◆ **How to complete this task**
Pictures excluded, copy all of the data below exactly.

START Supplied material

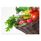 Composition with raw vegetables, green leaves and wicker basket isolated on white background. Copy space.
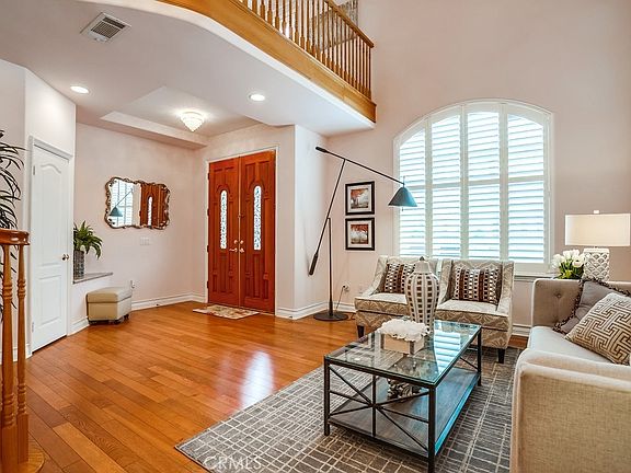 The custom-designed outdoor patio is perfect for relaxation. The property includes an attached two-car garage and two assigned parking spaces. Built in 2005 as a newer PUD within the Temple City School area, this home showcases quality craftsmanship and elegant touches throughout.
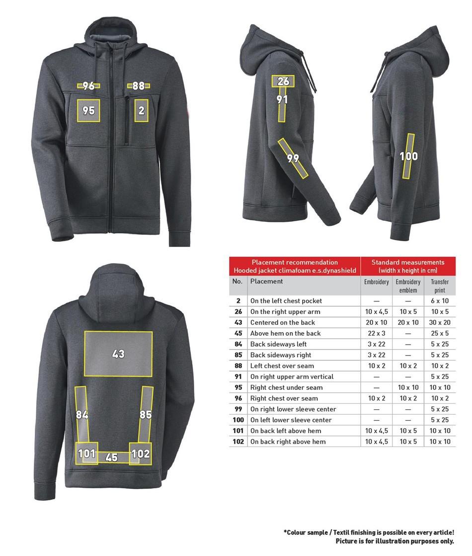 Material: 90 % polyester / 10 % elasthane (approx. 270 g/m²).

END Supplied material

◆ **Written response**
 Composition with raw vegetables, green leaves and wicker basket isolated on white background. Copy space.
 The custom-designed outdoor patio is perfect for relaxation. The property includes an attached two-car garage and two assigned parking spaces. Built in 2005 as a newer PUD within the Temple City School area, this home showcases quality craftsmanship and elegant touches throughout.
 Material: 90 % polyester / 10 % elasthane (approx. 270 g/m²).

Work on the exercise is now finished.